**Collected data entries**
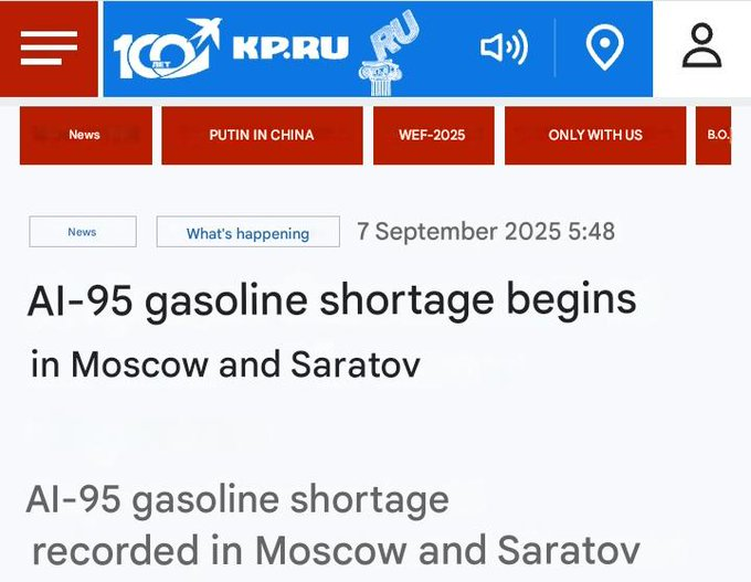 #Russia continues to spiral into fuel chaos as entire cities are now literally running on fumes.
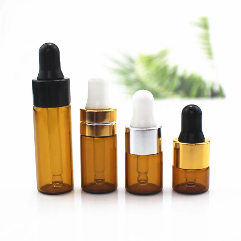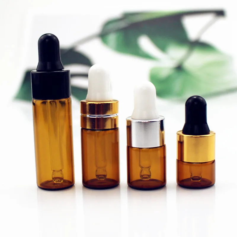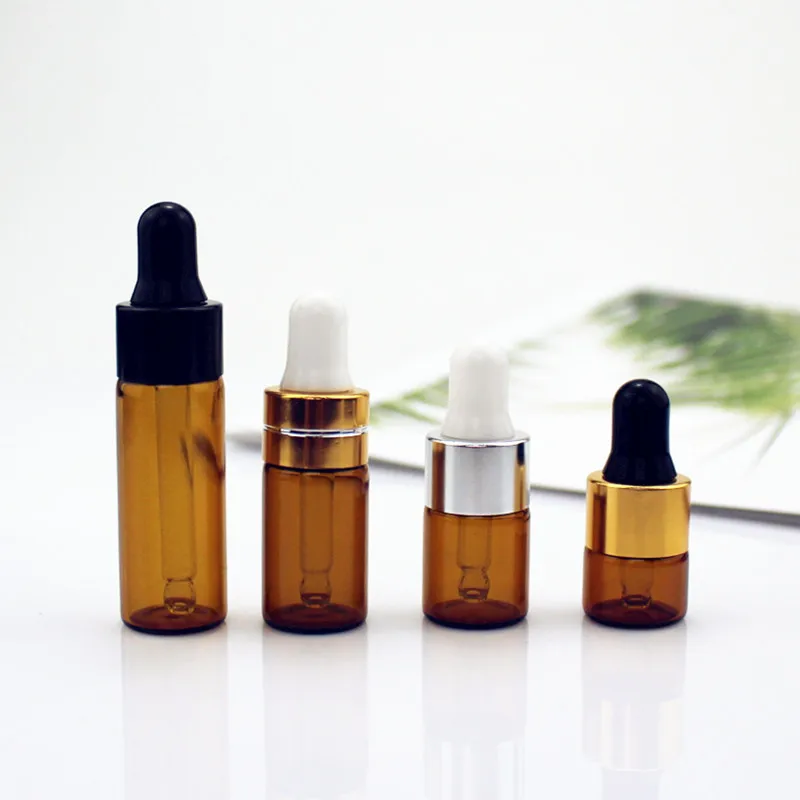 Бутылка-капельница из янтарного стекла 10 шт.упак., 1 мл, 2 мл, 3 мл, 5 мл, пустая бутылки для эфирного масла-капельница, Многоразовые прозрачные стеклянные флаконы
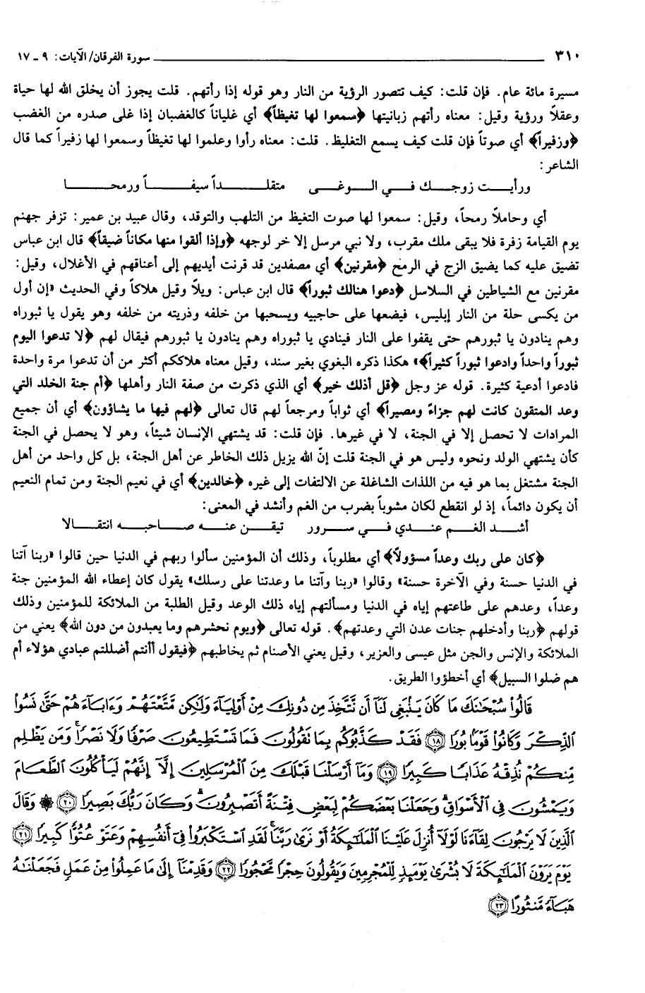 مقرنين مع الشياطين في السلاسل دَعَوْا هُنالِكَ ثُبُوراً قال ابن عباس: ويلا وقيل هلاكا وفي الحديث «إن أول من يكسى حلة من النار إبليس، فيضعها على حاجبيه ويسحبها من خلفه وذريته من خلفه وهو يقول يا ثبوراه وهم ينادون يا ثبورهم حتى يقفوا على النار فينادي يا ثبوراه وهم ينادون يا ثبورهم فيقال لهم لا تَدْعُوا الْيَوْمَ ثُبُوراً واحِداً وَادْعُوا ثُبُوراً كَثِيراً هكذا ذكره البغوي بغير سند، وقيل معناه هلاككم أكثر من أن تدعوا مرة واحدة فادعوا أدعية كثيرة. قوله عز وجل قُلْ أَذلِكَ خَيْرٌ أي الذي ذكرت من صفة النار وأهلها أَمْ جَنَّةُ الْخُلْدِ الَّتِي وُعِدَ الْمُتَّقُونَ كانَتْ لَهُمْ جَزاءً وَمَصِيراً أي ثوابا ومرجعا لهم قال تعالى لَهُمْ فِيها ما يَشاؤُنَ أي أن جميع المرادات لا تحصل إلا في الجنة، لا في غيرها. فإن قلت: قد يشتهي الإنسان شيئا، وهو لا يحصل في الجنة كأن يشتهي الولد ونحوه وليس هو في الجنة قلت إنّ الله يزيل ذلك الخاطر عن أهل الجنة، بل كل واحد من أهل الجنة مشتغل بما هو فيه من اللذات الشاغلة عن الالتفات إلى غيره خالِدِينَ أي في نعيم الجنة ومن تمام النعيم أن يكون دائما، إذ لو انقطع لكان مشوبا بضرب من الغم وأنشد في المعنى:
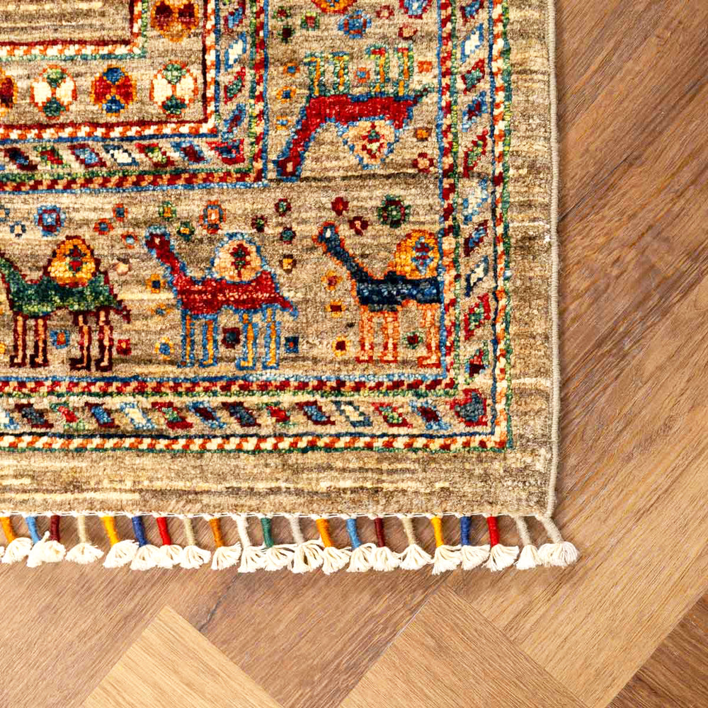 חמימות וסטייל ייחודי: שטיח אריאנה צבעוני מביא עמו נגיעה מסורתית בעבודת יד, המשלבת צבעוניות עשירה עם דוגמאות אתניות ייחודיות. השטיח מוסיף חמימות, אופי ותחושת יוקרה לכל חלל שבו הוא נמצא, בין אם מדובר בסלון, חדר שינה או משרד.
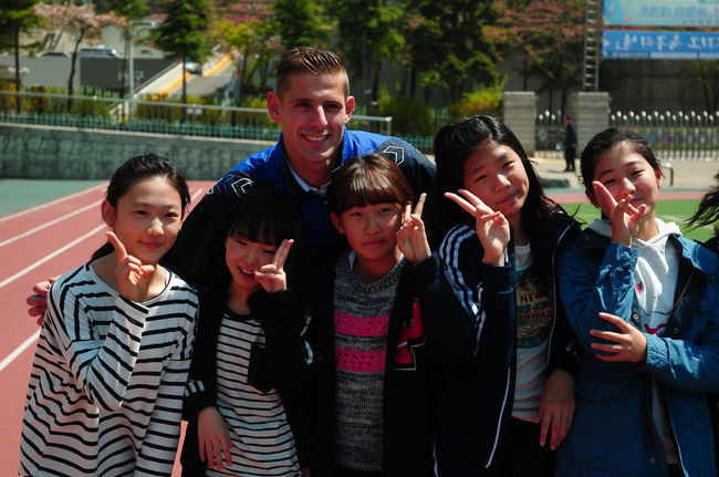 운동장에서 조를 나눠 축구 기본기 수업을 실시하는 동안 선수들은 친절하게 시범을 보여주며 학생들에게 축구를 지도했고, 특히 외국인 선수 케빈과 요니치는 ‘왼발, 잘했어’ 등 한국말을 쓰며 학생들에게 친근함을 표시하기도 했다.
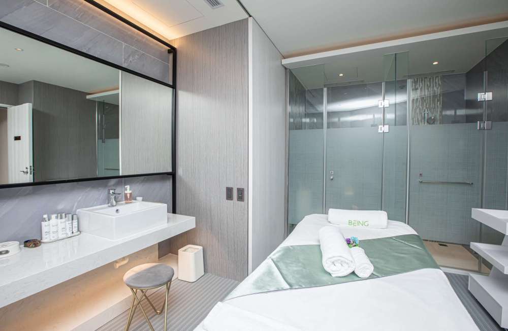 BEING spa的空間很舒適,基本調走白色跟木質設計,就是讓你一進到裡面就很放鬆的狀態

**PROBLEM DETAILS**
Every line from the one with "운동장에서 조를 나눠" through the end of the records is to be reproduced exactly, and the pictures are to be left out.

**TASK OUTPUT**
 운동장에서 조를 나눠 축구 기본기 수업을 실시하는 동안 선수들은 친절하게 시범을 보여주며 학생들에게 축구를 지도했고, 특히 외국인 선수 케빈과 요니치는 ‘왼발, 잘했어’ 등 한국말을 쓰며 학생들에게 친근함을 표시하기도 했다.
 BEING spa的空間很舒適,基本調走白色跟木質設計,就是讓你一進到裡面就很放鬆的狀態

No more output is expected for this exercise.